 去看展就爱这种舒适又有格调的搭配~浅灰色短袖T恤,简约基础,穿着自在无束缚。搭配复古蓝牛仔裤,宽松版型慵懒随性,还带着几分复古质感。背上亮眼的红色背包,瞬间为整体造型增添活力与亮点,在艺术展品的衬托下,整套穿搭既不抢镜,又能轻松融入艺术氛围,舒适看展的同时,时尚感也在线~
◆ ◆ ◆ ◆ ◆
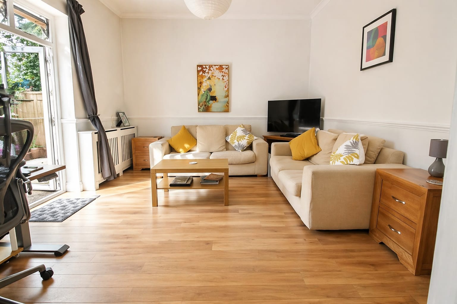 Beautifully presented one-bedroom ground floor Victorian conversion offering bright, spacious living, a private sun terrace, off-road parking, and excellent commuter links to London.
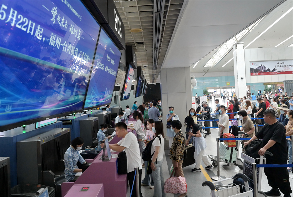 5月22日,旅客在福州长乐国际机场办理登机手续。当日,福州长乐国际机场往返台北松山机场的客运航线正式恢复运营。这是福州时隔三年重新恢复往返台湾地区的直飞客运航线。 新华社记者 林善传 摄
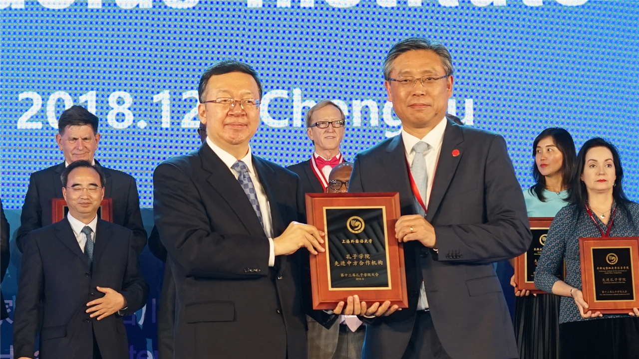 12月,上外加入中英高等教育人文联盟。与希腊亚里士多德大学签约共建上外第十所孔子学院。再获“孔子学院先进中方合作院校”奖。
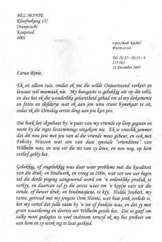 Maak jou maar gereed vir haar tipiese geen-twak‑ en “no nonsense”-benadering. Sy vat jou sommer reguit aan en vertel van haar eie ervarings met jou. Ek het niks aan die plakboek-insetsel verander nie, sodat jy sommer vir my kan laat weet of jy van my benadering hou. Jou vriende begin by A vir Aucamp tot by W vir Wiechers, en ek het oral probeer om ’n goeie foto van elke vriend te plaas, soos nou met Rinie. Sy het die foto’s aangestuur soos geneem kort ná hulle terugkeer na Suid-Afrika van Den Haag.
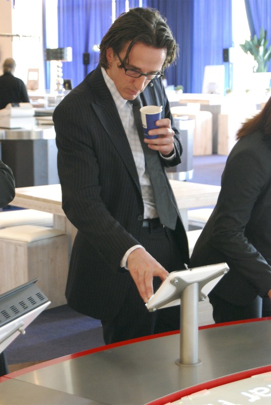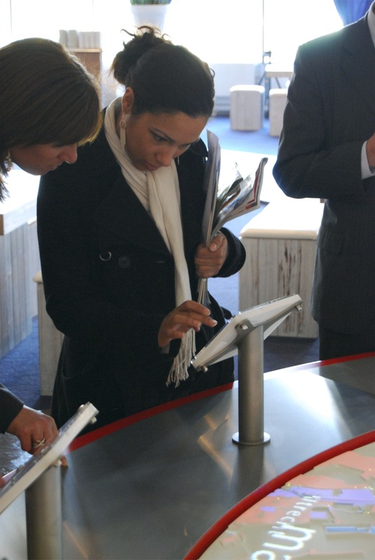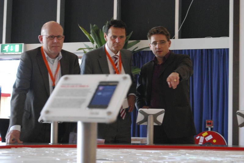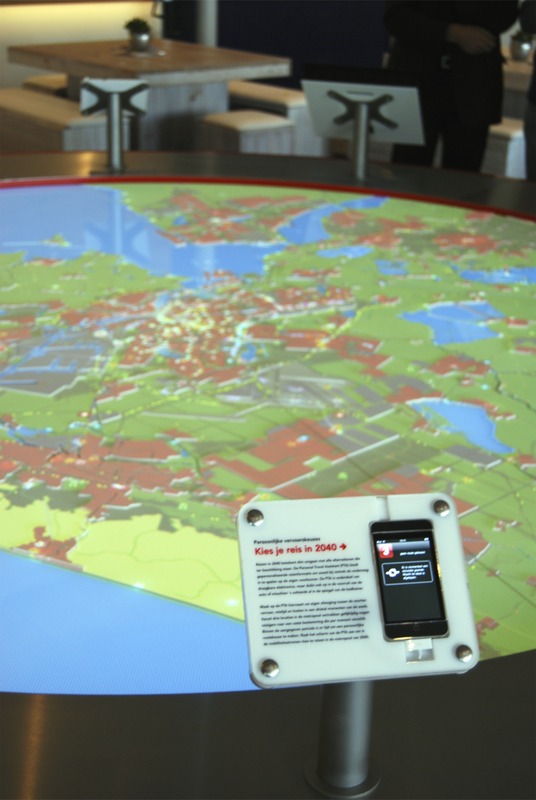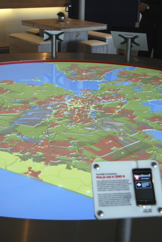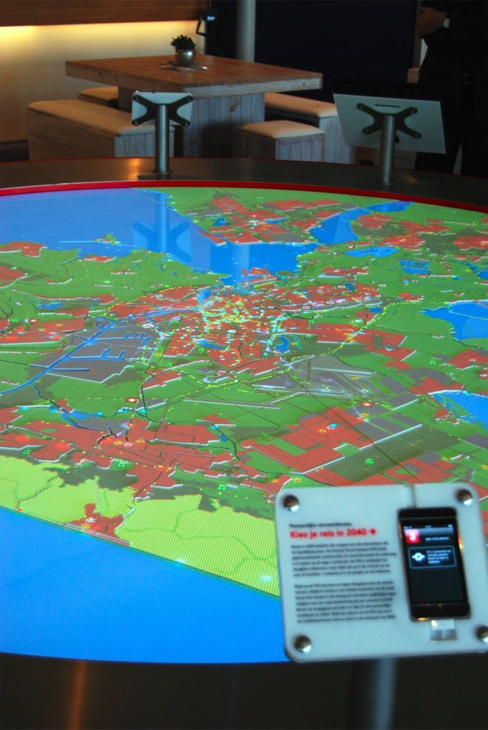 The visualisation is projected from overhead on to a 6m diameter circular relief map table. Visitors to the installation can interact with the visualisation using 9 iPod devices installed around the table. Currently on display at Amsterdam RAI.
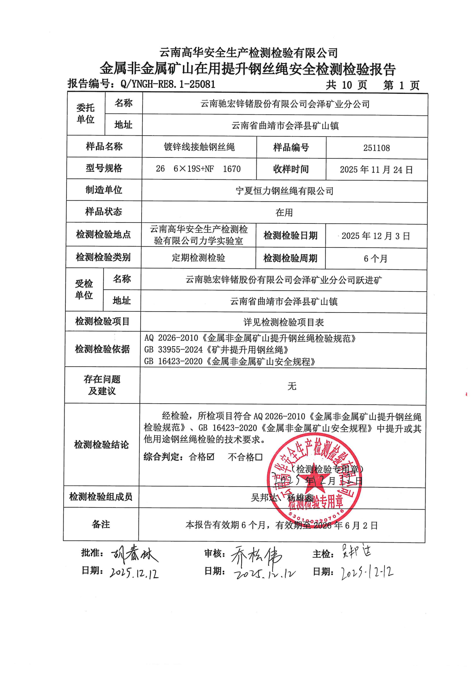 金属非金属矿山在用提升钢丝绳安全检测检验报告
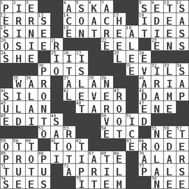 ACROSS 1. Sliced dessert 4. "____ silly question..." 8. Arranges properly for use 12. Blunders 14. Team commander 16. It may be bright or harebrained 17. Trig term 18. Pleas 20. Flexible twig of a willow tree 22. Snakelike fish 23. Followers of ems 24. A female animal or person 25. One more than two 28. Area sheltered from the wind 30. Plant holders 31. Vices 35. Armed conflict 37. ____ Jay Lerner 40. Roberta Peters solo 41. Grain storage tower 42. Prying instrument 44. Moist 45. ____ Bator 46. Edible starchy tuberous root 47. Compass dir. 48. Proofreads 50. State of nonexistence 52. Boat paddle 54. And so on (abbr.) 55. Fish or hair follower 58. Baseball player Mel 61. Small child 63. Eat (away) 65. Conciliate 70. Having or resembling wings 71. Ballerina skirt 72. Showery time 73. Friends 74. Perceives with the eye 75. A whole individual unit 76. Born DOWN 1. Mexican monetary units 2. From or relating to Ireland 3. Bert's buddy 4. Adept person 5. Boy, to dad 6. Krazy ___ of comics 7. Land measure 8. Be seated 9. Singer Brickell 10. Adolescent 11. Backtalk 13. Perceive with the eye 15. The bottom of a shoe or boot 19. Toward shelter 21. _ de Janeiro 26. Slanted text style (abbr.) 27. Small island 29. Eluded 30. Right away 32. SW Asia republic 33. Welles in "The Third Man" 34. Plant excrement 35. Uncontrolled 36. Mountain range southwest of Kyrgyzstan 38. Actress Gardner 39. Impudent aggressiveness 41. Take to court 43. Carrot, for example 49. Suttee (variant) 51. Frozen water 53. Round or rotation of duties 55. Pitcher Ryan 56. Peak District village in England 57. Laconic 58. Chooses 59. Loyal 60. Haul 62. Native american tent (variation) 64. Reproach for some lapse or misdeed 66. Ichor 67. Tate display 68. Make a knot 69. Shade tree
◆ ◆ ◆ ◆ ◆
| PROBLEM DETAILS |
In the entries above, find the line that contains "新华社记者 林善传 摄" and the line that contains "12月,上外加入中英高等教育". Reproduce exactly those two lines and every line between them, but not the pictures.

| COMPLETED EXERCISE |
 5月22日,旅客在福州长乐国际机场办理登机手续。当日,福州长乐国际机场往返台北松山机场的客运航线正式恢复运营。这是福州时隔三年重新恢复往返台湾地区的直飞客运航线。 新华社记者 林善传 摄
 12月,上外加入中英高等教育人文联盟。与希腊亚里士多德大学签约共建上外第十所孔子学院。再获“孔子学院先进中方合作院校”奖。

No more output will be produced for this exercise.